Yeah, I'd say there's still a very sizeable proportion of people who are very passionate about how NES music should be nothing but 2A03, and look down upon expansion chips, raw PCM, sometimes even "creative" DPCM usage... If you don't believe me, try hanging around in #mod_shrine during a Famicompo Mini stream. I think in a lot of those cases, the reason is that that person views the NES (or Famicom) strictly as a console, and write music for it as a form of expression of their nostalgia.

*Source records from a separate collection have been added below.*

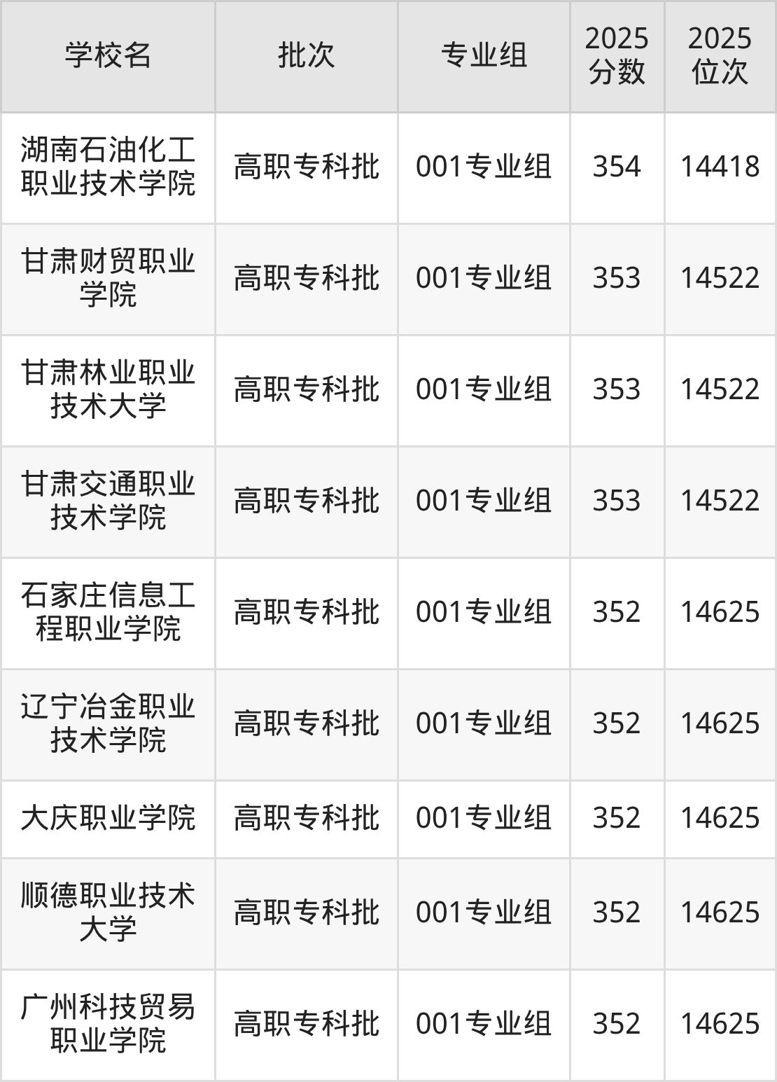 另外录取位次低于该区间(较稳妥)的有南充职业技术学院001专业组(14323名)、福州职业技术学院001专业组(14323名)等;录取位次高于该区间(可冲)的有七台河职业学院001专业组(14056名)、青岛职业技术学院001专业组(14056名)等。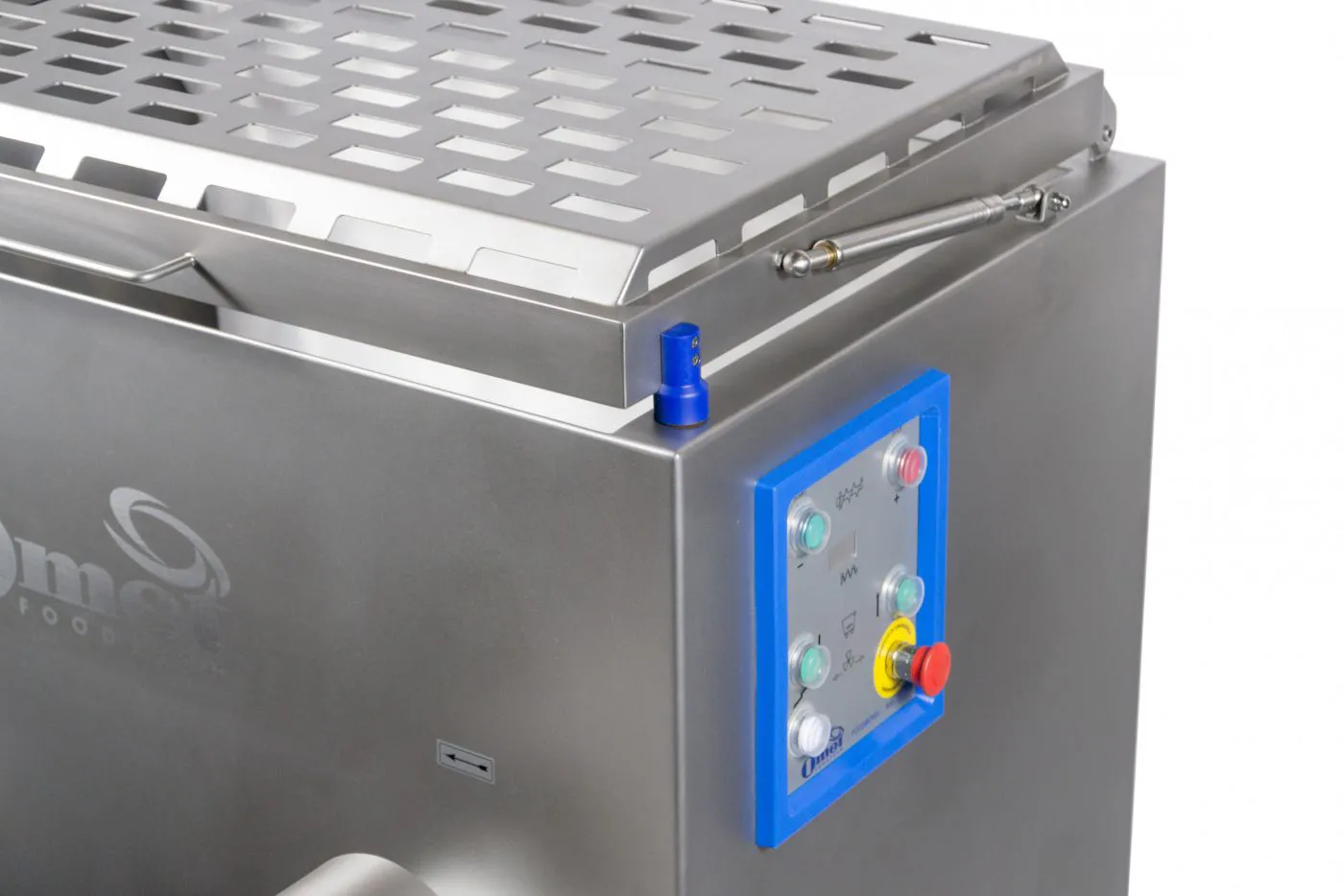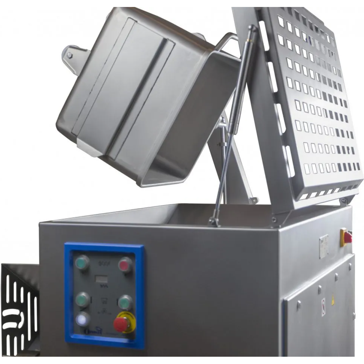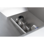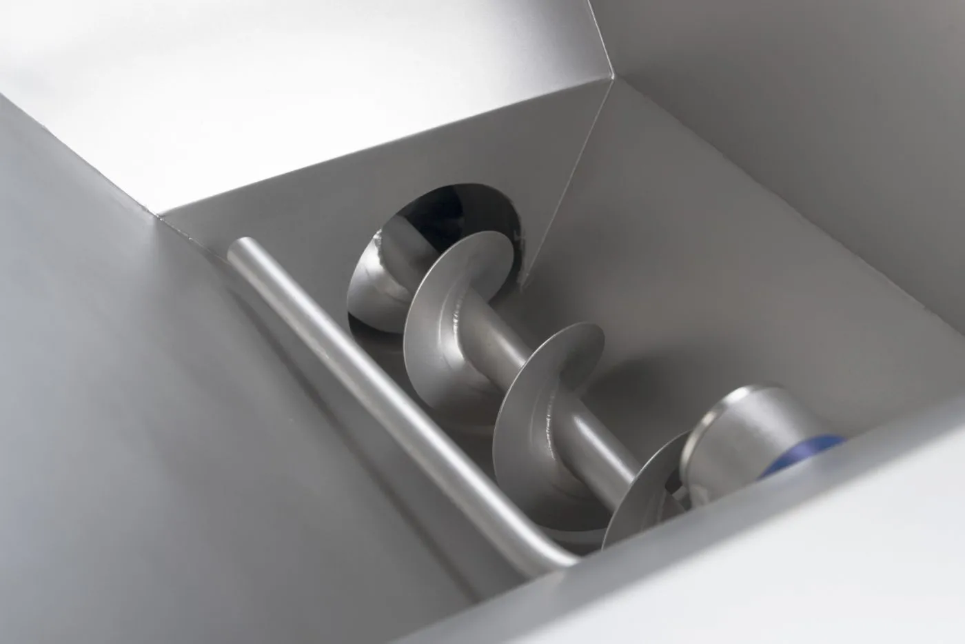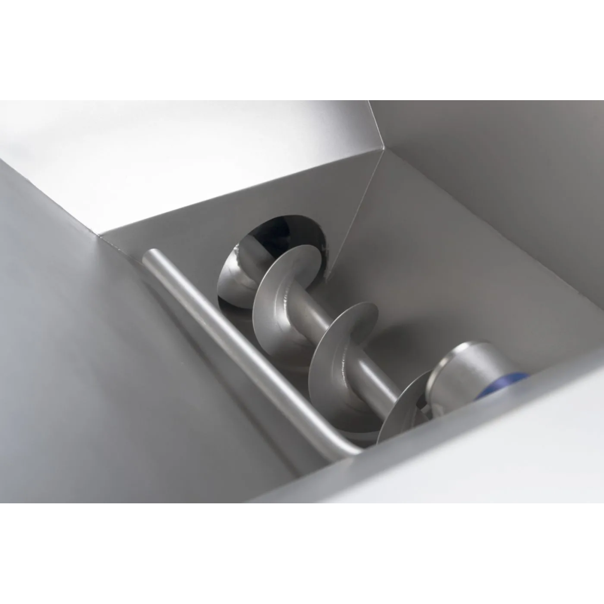 Вместительный бункер, снабженный защитной крышкой, позволяет легко загрузить продукт для перемалывания. Подающий шнек с регулируемой скоростью (опция), установленный под углом к рабочему шнеку, легко снимается для быстрой чистки.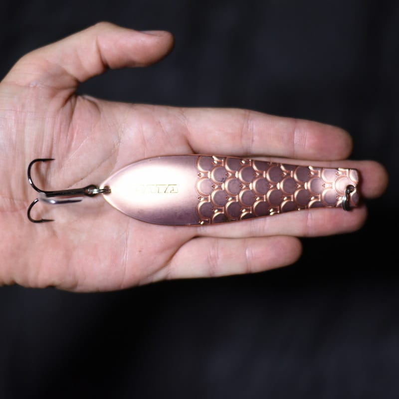 Блесна от компании Олта из Кемерово в матовом покрытии. Три варианта цвета на тройниках Mustad. Игра блесны напоминает движения раненой рыбки, на остановках проводки она медленно и размашисто планирует. При бесклевье попробуйте поменять местами заводное кольцо и тройник – игра блесны и заглубление изменятся. Можно ловить как равномеркой, так и джиговой ступенькой по дну. Выполнена из цветного металла, благодаря чему не подвержена коррозии и обладает более лёгкой игрой.
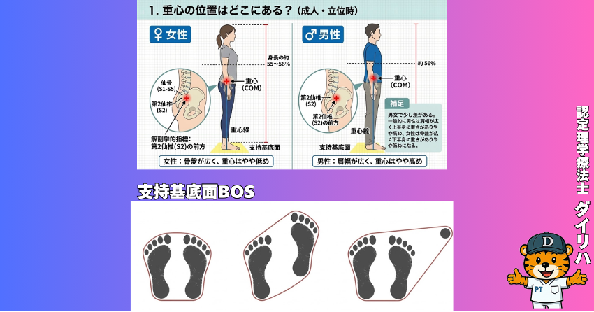動作分析で迷ったら、まずは「患者さんのBOS(土台)はどうなっているか?」「COM(重心)は今どこにあるか?」をイメージしてみてください。それだけで、姿勢の崩れる原因を考える幅が広がってきます。

However, as time goes, and as the chiptune (specifically the NES chiptune) community grows, more and more people who have never owned an NES (let alone a Famicom) start using FamiTracker. The result is that [i]those[/i] people treat the Famicom as a mere 8-bit synthesiser, and have no qualms against using TEN MILLION EXPANSION CHIPS and using the Famicom in ways that would not have been possible in the console's era (such as using more than 16 kB of DPCM samples).

Personally, I'm sort of halfway inbeteen those two stances. I write music in FamiTracker because I enjoy the sounds of the NES/Famicom more than any other 8-bit machine, not out of nostalgia for the NES sound; however I understand the importance of (at least the importance some people give to) remembering what the quintessential NES sound is about, and fully respect those who would rather stick to classic 2A03. But despite that I appreciate the fact there are modern tools that allow one to go beyond what composers in the 80's and 90's could do with the Famicom and its expansions.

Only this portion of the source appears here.